Fluorine-free mAterialS for susTainable-by-design electrolysis Cells towards the H2-bAsed New Generation of clean Energy technologies

FASTCH2ANGE aims to pioneer a sustainable-by-design method for developing TRL4-compliant 100% PFAS-free proton exchange membrane-based electrolysis (PEMEL) cells. It will focus on developing four fluorine-free components: proton exchange membranes, catalyst-supporting layers, transport and gas diffusion layers, and new sealing components like gaskets and insulation plates.

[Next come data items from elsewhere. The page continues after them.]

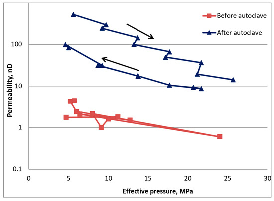 For cross-validation, these measurements were performed with three different upstream transient-pressure patterns: a step, a six-period sine wave, and a linear ramp. Permeability values were derived from the downstream pressure responses. The details are provided in Table A1. The dominant trend was decreasing permeability with increasing effective pressure, but permeability loss was irreversible (as shown in Figure 4). However, the permeability hysteresis loop was at substantially higher levels than prior to the autoclave experiments.
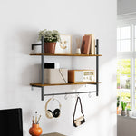 Wall Mounted Floating Shelves with 4 Hooks, Rustic Wall Shelf Unit for Living Room, Entryway, Rustic Brown
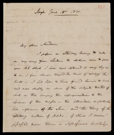 15 June 1830 Sender: John Frederick William Herschel Reference number: HS/16/337
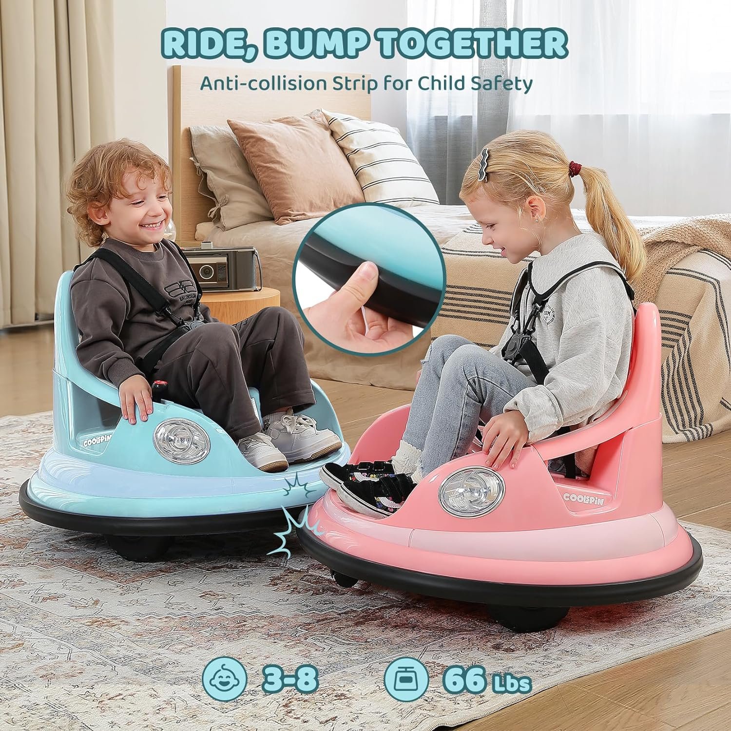 【Safe and Secure】High-quality materials ensure durability and a maximum weight capacity of 66lbs. Our electric bumper car for kids is equipped with a reliable 12V battery and features a 5-point safety belt for maximum protection.
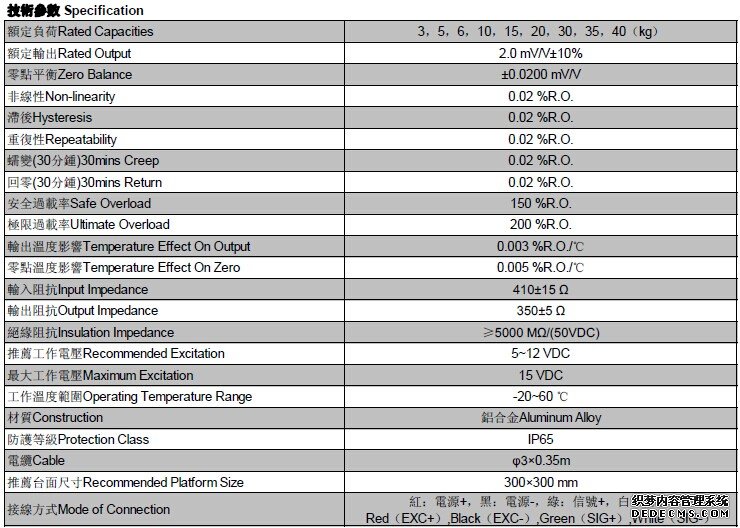 推薦工作電壓Recommended Excitation 5~12 VDC
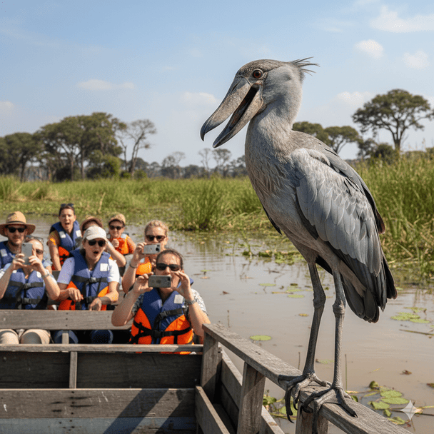 Група туристів в Уганді отримала незабутні враження, коли один із найбільших і найдивовижніших птахів на планеті — рідкісний кітоглав (shoebill) — сів прямо на їхній човен. Ця сцена, схожа на кадри з «Парку Юрського періоду», відбулася в популярному місці для спостереження за птахами — затоці Мабамба на озері Вікторія. Величезна істота, часто описувана як релікт епохи динозаврів, стояла лише за кілька сантиметрів від ошелешених відвідувачів.
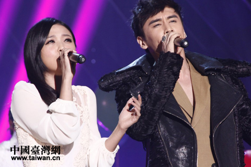 卓文萱和张伦硕深情对唱《有一点动心》(中国台湾网 杨旋 摄)
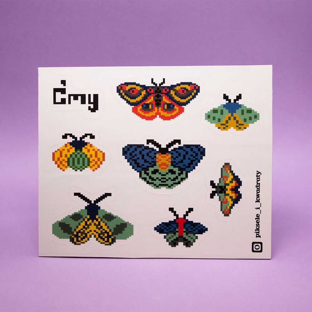 Przepiękny zestaw kolorowych, nocnych motyli, które wylądują na Twoim laptopie, telefonie, zeszytach… Gdzie tylko chcesz! Chociaż niektóre z nich mogą wyglądać jak motyle, nie daj się zwieść – przed Tobą siedem kolorowych ciem. Każda jest inna, każda jest absolutnie wyjątkowa!
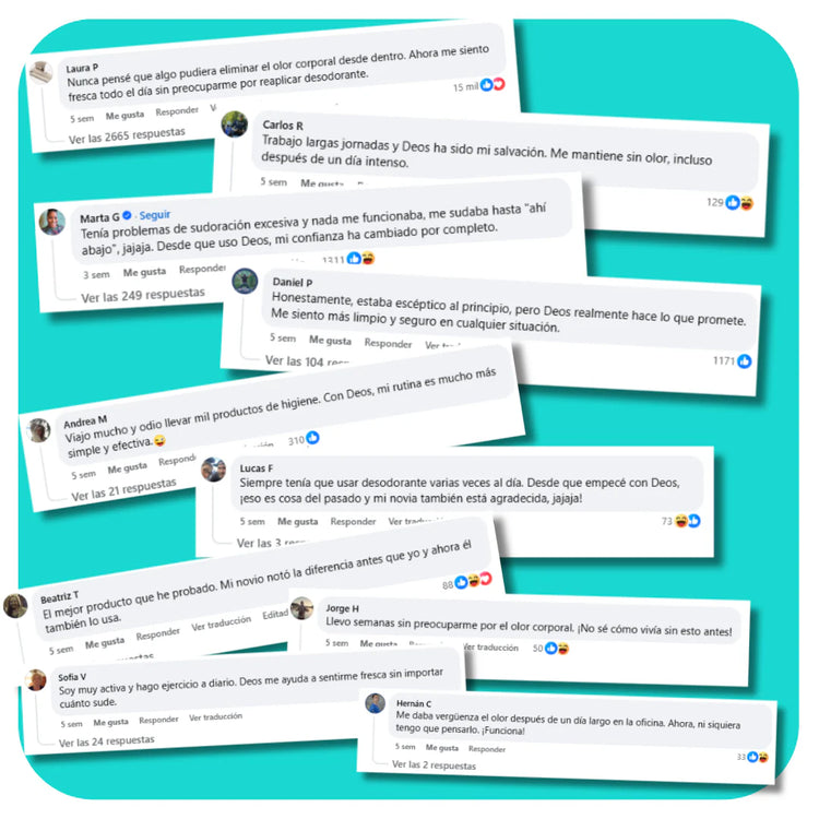 A diferencia de otros productos que requieren semanas para notar algún cambio, Deos™ actúa rápido. En solo una semana, muchas personas reportan una reducción significativa en el mal olor corporal y una mejora en su bienestar general. Su fórmula ayuda a equilibrar tu flora intestinal, eliminando las toxinas que pueden causar olores no deseados.
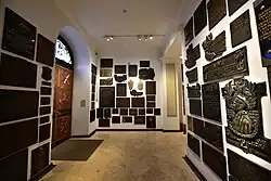 W kaplicy znajduje się 15 tys. tabliczek, na których widnieją nazwiska ofiar Katynia, Charkowa i Miednoje. Umieszczono tam także tabliczki bezimienne (7 tys.).
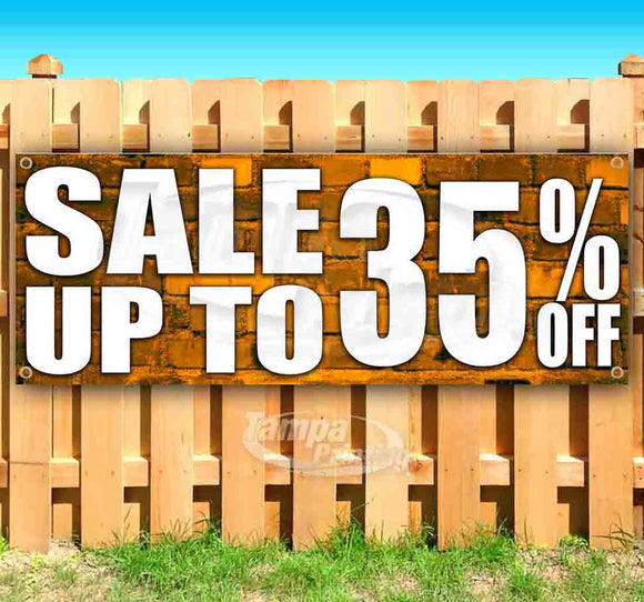 The Sale Up To 35% Off Banner is a great advertising tool for your business. Studies show that Banners draw more notice than many other advertising methods. Banners are a price effective way to grab attention and raise awareness for your business.
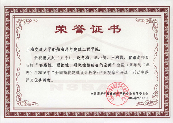 会上公布了2016年“全国高等学校建筑设计教案和教学成果评选”的结果,上海交大船建学院建筑学系取得了优异成绩。建筑系选送参评的1套教案及3份学生作业(建筑学二年级)全部获奖,获奖率100%,与全国其它5所高校并列第一。(该评选按年级只评优秀奖,不分等级)
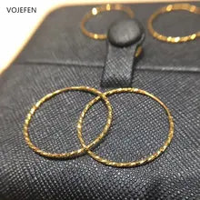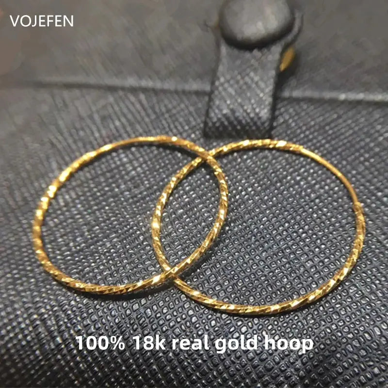 VOJEFEN 18 K Pure Gold Earring Hoops Women Original Shiny Pattern Round Large Earrings Charms New In Earing Circle Fine Jewelry
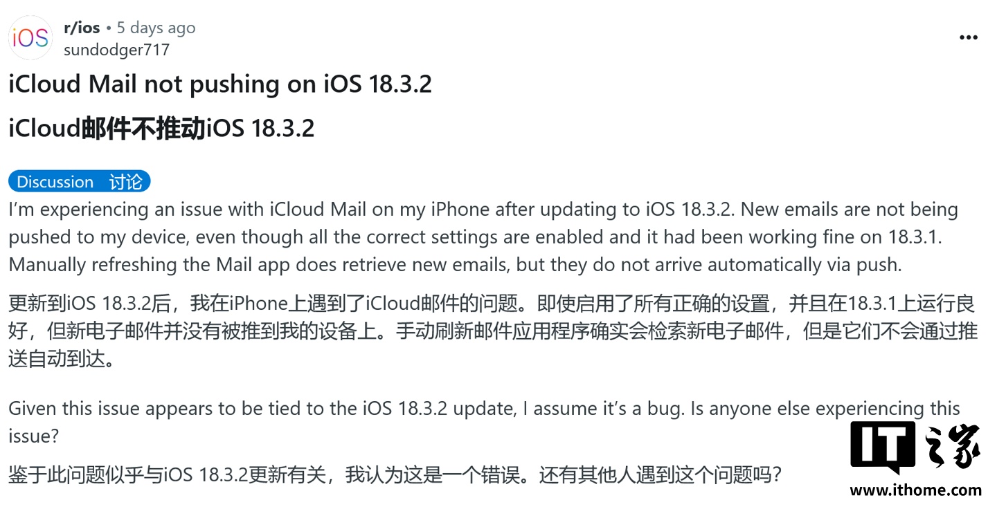 文章来源于互联网:IT之家-iCloud 邮件变“哑巴”:部分 iPhone 用户反馈苹果 iOS 18.3.2 更新导致推送故障

FASTCH2ANGE will achieve this by designing, developing, and testing new PFAS-free PEMs at TRL4. These PEMs will be made using TEOS-based hybrid organic-inorganic ionomers, targeting an operating current density of 3.0 A/cm² at 1.8 V cell voltage, with a degradation rate under 5 μV/hr by 2030. Innovations in catalyst coating technologies will be explored, including an optimized ink deposition technique.
Additionally, fluoroelastomers-free liquid-gas diffusion layers will be prepared using a sol-gel process with silicon alkoxides to improve hydrophobicity and thermal stability. FASTCH2ANGE also plans to develop PFAS-free sealing components using silicon-based sol-gel formulations and advanced materials like stainless steel, polyetheretherketone, and polyphenylene sulfide, employing high-performance coatings such as diamond-like carbon and ceramic.
Hence, an advanced testing platform utilizing multisingle cells proprietary technology will test the newly developed catalyst-coated membranes (CCMs), achieving
a first-of-its-kind PFAS-free 5-cells stack with optimal components.
Harmonized European testing protocols will be used, and the cross-integrability with fuel cell technologies will be assessed in close synergy with SUSTAINCELL and EVERYWH2ERE projects.
FASTCH2ANGE new components will allow the replacement of 10-11% by weight of a new generation of electrolysis systems with harmless materials, that for the envisioned European 140 GW capacity would mean saving up to 10500 tons of PFAS crafted into PEMEL components by 2030.